Le roi Vajiralongkorn a été couronné en mai dernier, deux an et demi après son accession au trône suite au décès de son père, le vénéré Bhumibol Adulyadej, en octobre 2016.
Le numéro deux du parti d'opposition Anakot Mai (Nouvel Avenir), Piyabutr Saengkanokkul, estime que le décret royal pour le transfert des régiments, entré en vigueur le 1er octobre, invoquait sans fondement une disposition d'urgence de la Constitution afin de contourner le Parlement, même si cela a finalement été approuvé jeudi par une majorité de députés.
Le décret d’urgence avait ordonné le transfert du commandement des 1er et 11e régiments d’Infanterie basés à Bangkok depuis la chaîne de commandement militaire au commandement de la sécurité du roi.
Le secrétaire général d’Anakot Mai estime qu'il n'y avait aucune urgence immédiate justifiant un tel décret. Il a accusé le Premier ministre Prayuth Chan-O-cha de continuer à se comporter comme un chef de junte militaire.
Prayuth, qui a renversé un gouvernement élu en 2014 alors qu’il était chef de l'armée, a pris ses fonctions de Premier ministre civil en juillet après que son parti pro-armée a remporté des élections très controversées qui, selon l'opposition, avaient été préparées -par la junte au pouvoir- de manière à garantir la domination de l'armée.
Anakot Mai, qui s'est tout de même placé troisième lors des élections de mars, a rappelé que le gouvernement se devait de respecter la Constitution.
"La Thaïlande est un royaume avec le roi comme chef de l'Etat, le peuple a le pouvoir et le roi exerce cette souveraineté par l'intermédiaire du parlement, du cabinet et des tribunaux, comme le stipule la Constitution", a souligné Piyabutr.
"La Thaïlande est un royaume unique", répond à cela Peerapan Saleerattavipak un député du Parti Démocrate favorable à l’établissement, défendant le décret. "La monarchie est une représentation de la sécurité nationale. Par conséquent, dans le Royaume de Thaïlande, nous ne saurions séparer la sécurité nationale de la monarchie", a-t-il déclaré.

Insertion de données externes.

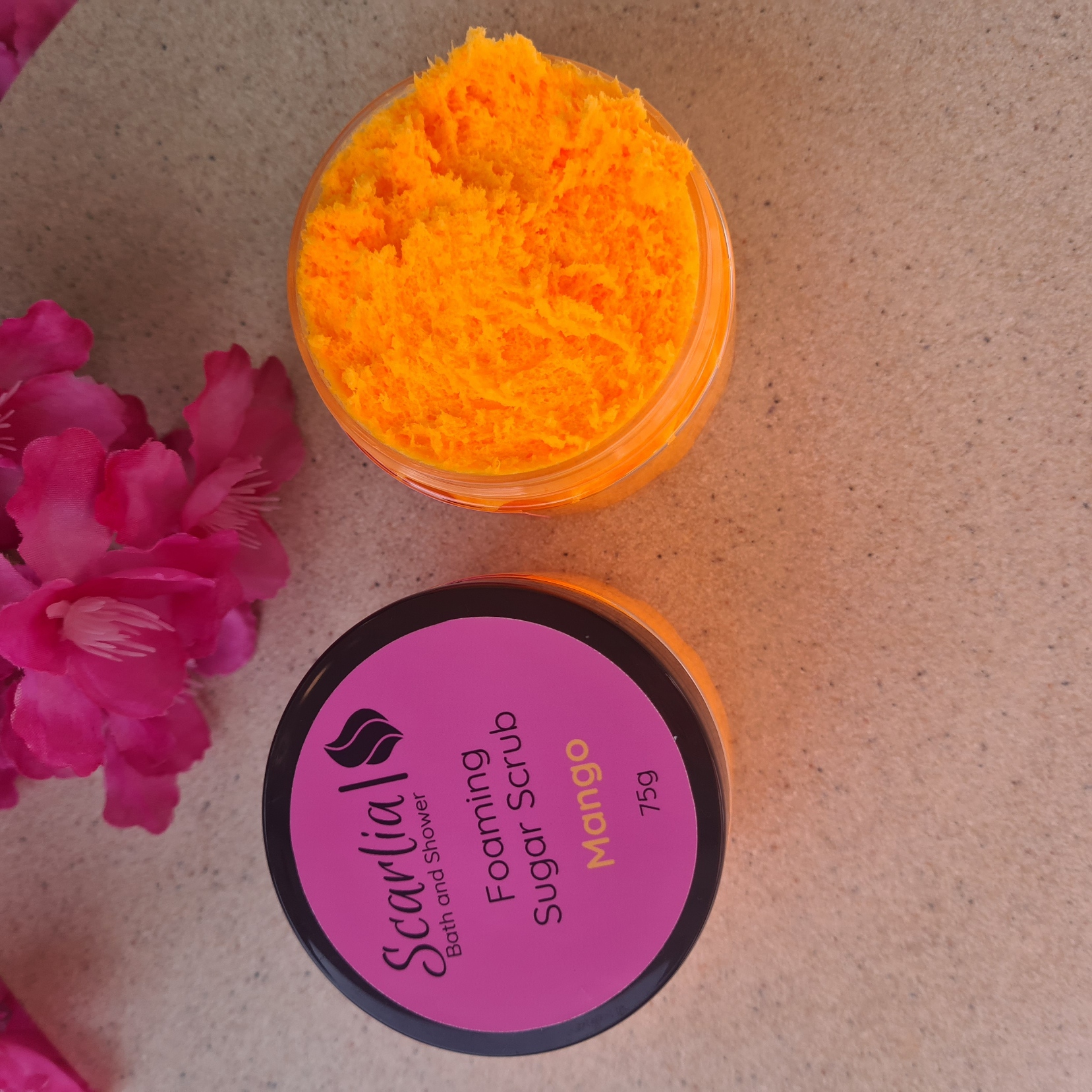 Bring a burst of tropical sunshine to your skincare routine with our Mango Foaming Sugar Scrub. This luxurious 2-in-1 formula gently exfoliates with fine cane sugar while transforming into a creamy, bubbly lather that leaves your skin soft, smooth, and refreshed. Enriched with Shea Butter and Vitamin E, it nourishes while it polishes, keeping your skin hydrated and glowing.

Un vote a plus tard confirmé le décret par 376 voix contre 70 et deux abstentions, selon le décompte final lu par le président de la chambre basse -les écrans du Parlement avaient initialement donné un décompte de 366-70.
Tous les votes "contre" venaient du parti Anakot Mai, également connu sous le nom anglais de Future Forward.

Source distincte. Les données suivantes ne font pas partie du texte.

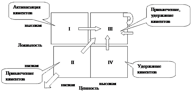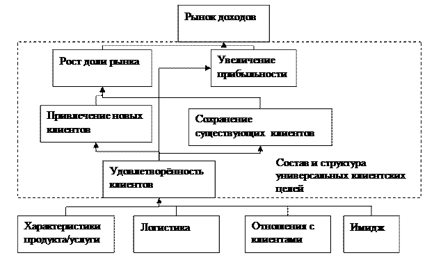 | Повышение удовлетворённости клиента | Увеличение продолжительности отношений с клиентом | 1.Время, необходимое для решения проблем клиента 2.оценка клиентом уровня обслуживания |

Le roi Vajiralongkorn a pris un certain nombre de mesures pour consolider son autorité, depuis son accession au trône en 2016.
En juillet 2017, l'assemblée législative nommée par l'armée a modifié une loi de 1936 pour donner au monarque le plein contrôle du Crown Property Bureau, qui gère les avoirs de la couronne estimés à plusieurs milliards de dollars.
Les critiques publiques envers le roi ou sa famille sont illégales en Thaïlande, toute insulte étant passible d’une peine pouvant aller jusqu’à 15 ans de prison pour chaque chef d’accusation.